Provo a fare un ipotesi ma prendetela con le pinze, inoltre utilizzerò dei margini molto variabili giusto per dare un ordine di grandezza. 

Ci sono tre alternative in campo a parità di finanziamento da parte della Regione che sembra ferma sugli 11 milioni di euro in totale (e qualcuno, vedi Leo, se la vende come una grande vittoria per gli universitari), rispetto ai 26 del 2009, 18 del 2010 e 13 del 2011 (di cui 5 ancora latitanti, cioè promessi ma non ancora in cassa, e che nel momento in cui saranno disponibili servirebbero per coprire la seconda rata 2011/2012).

Dunque con vari tagli e risparmi effettuati nel 2011 e ulteriori previsti per il 2012, con qualche euro in più da parte del ministero, si potrebbero mettere a disposizione tra i 3,5 e i 5 milioni (cifra che balla) per l'erogazione di borse per il 2012/2013, mantenendo invariati anche il numero di posti letto a disposizione.

Prima alternativa. Utilizzando i criteri d'erogazione delle borse con il bando vecchio si arriverebbe a coprire, con un po' d'ottimismo, il 30-35% delle borse, a parità anche di richieste e quindi d'idoneità. In cifre assolute tra le 3.500 e le 4.500 borse, quest'anno sono state circa 4.000. Verrebbero riconfermati i rimborsi tasse, i contributi per attività part-time e quelli per la mobilità, e, immagino, anche il pasto gratuito per coloro che risultassero idonei ma non vincitori. In sintesi, un remake, se va bene, del 2011/2012, con conseguente diminuzione degli iscritti presso gli Atenei Piemontesi, un forte freno all'Internazionalizzazione e la cancellazione dei sogni di laurea per migliaia di studenti .

Seconda alternativa. La Regione ha chiesto da tempo al Ministero, senza alcuna risposta, di poter effettuare delle "sperimentazioni" sul bando attuando in pieno l'autonomia sul DSU, anche perché i cosiddetti LEP imposti dal nuovo decreto nazionale 435 (appena approvato in parlamento) difficilmente saranno pronti ed utilizzabili per il prossimo A.A. Se dovesse esserci una sperimentazione si cambierebbe il bando nel senso "meritocratico". Con questo termine politicamente spendibile e buono per qualsiasi stagione, bandiera utilizzata anche dagli amici di partito di Renzo Bossi e Rosy Mauro (sic), si venderebbe all'opinione pubblica una porcata come una grande rivoluzione.

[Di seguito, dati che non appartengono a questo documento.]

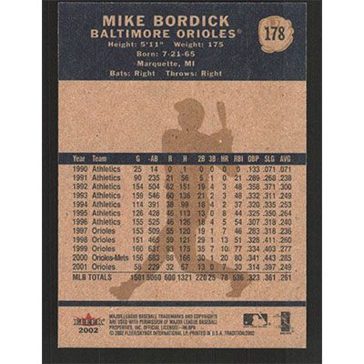 This is a 2002 Fleer Tradition Mike Bordick baseball card. The card is #178 and pictures show condition.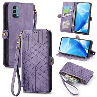 Για OnePlus Nord N200 5G γεωμετρική φερμουάρ πορτοφόλι πλευρά πόρπη δερμάτινη θήκη τηλεφώνου (μοβ)

I criteri sarebbero, ma è tutto da verificare ripeto: 35 cfu per il primo anno, 85 per il secondo e, credo, ma non nessuno si è ancora espresso, 135 per il terzo. In realtà sul terzo nessuno si è espresso perché sarebbe volontà della regione eliminare totalmente il settimo e quinto semestre, essendo per definizione, un semestre da fuori corso, una sorta di regalo per coloro che sono ritardatari e quindi non meritevoli di nulla. Si eliminerebbe anche il premio di laurea. Si vuole anche inserire una sorta di media sbarramento, non ancora individuata perché servirebbero degli studi approfonditi su ogni singolo corso di laurea e i tempi per pubblicare il nuovo bando si fanno sempre più stretti. La questione d'inserire uno sbarramento attraverso il voto di maturità sembra superata perché, soprattutto per i leghisti, favorirebbe i "diplomifici" del SUD e poi c'è l'impossibilità di valutare correttamente il merito degli stranieri. Si era proposto una sorta d'esame d'accesso per gli stranieri, ma, tecnicamente, presenta un numero elevato di problemi.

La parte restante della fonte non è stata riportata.